Amagi CEO says brick-and-mortar broadcast facilities will be gone in 2-5 years

Deepakjit Singh, CEO of Amagi, does not see a long life ahead for traditional broadcast facilities, and he attributes that to the rapid adoption of cloud technologies.

He’s giving the facilities only a couple of years to live.

“Between two to five years, the brick-and-mortar facilities will no longer be the broadcasting facilities. It’s going to go into the data centers. Data centers are obviously more secure and better equipped,” Singh said.

He cited two examples as potential validation for his prediction. In the 80s and 90s, every company had an IT department and they were always talking about IT outsourcing and computing centers.

“Now how many companies have an IT department? None,” he said.

Again, in the mid-90s he said every company had a call center. He said now call centers are operated by people working at home, and businesses can rely on that as a service rather than having to maintain facilities.

“Those are just two examples of brick and mortar where technology has taken over. With the fiber and data centers becoming stronger and stronger, the brick and mortar doesn’t have a future,” Singh said.

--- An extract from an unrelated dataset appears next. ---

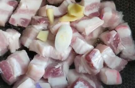 锅中多放入一些凉水,把五花肉下入锅中,再加入葱、姜、料酒去腥,大火烧开煮5到6分钟。

Amagi deals in cloud-managed broadcast services and targeted advertising for TV and OTT. At IBC, the company was discussing recent announcements including news that it would begin doing dynamic ad replacement services for the SonyLiv OTT platform. Amagi also recently helped Quest TV, a new over-the-air broadcast network in the U.S., build a fully cloud-based playout and traffic technology stack.

Singh said others like Quest are interested in the cloud as well.

“Cloud technology is maturing and picking up fast. What was there about two years ago, people were trying to experiment with it and see whether it would work. Now what we are seeing in the market, they are getting absolutely hooked onto it,” Singh said.

Though he is somewhat biased, Amagi CEO said that his company is 12 to 18 months ahead of its competition. He said his company is now working on live orchestration for sports events using cloud playout and distribution, promising sub-2 seconds latency via cloud distribution.

He said that broadcasters are moving to the cloud to gain agility, to cut costs and to avoid getting into long contracts. With cloud providers like Amagi, contracts come as short as one month.

Instead of the old centralized broadcast model, where a facility was sending out one signal to a surrounding area, the new edge computing/cloud model for broadcasting means more monetization and more personalized content. Instead of monetizing just the one signal, Singh said, broadcasters are monetizing the signals going out from each remote station within the cloud infrastructure. Plus, they are able to swap out programming and dynamically insert ads at the edge.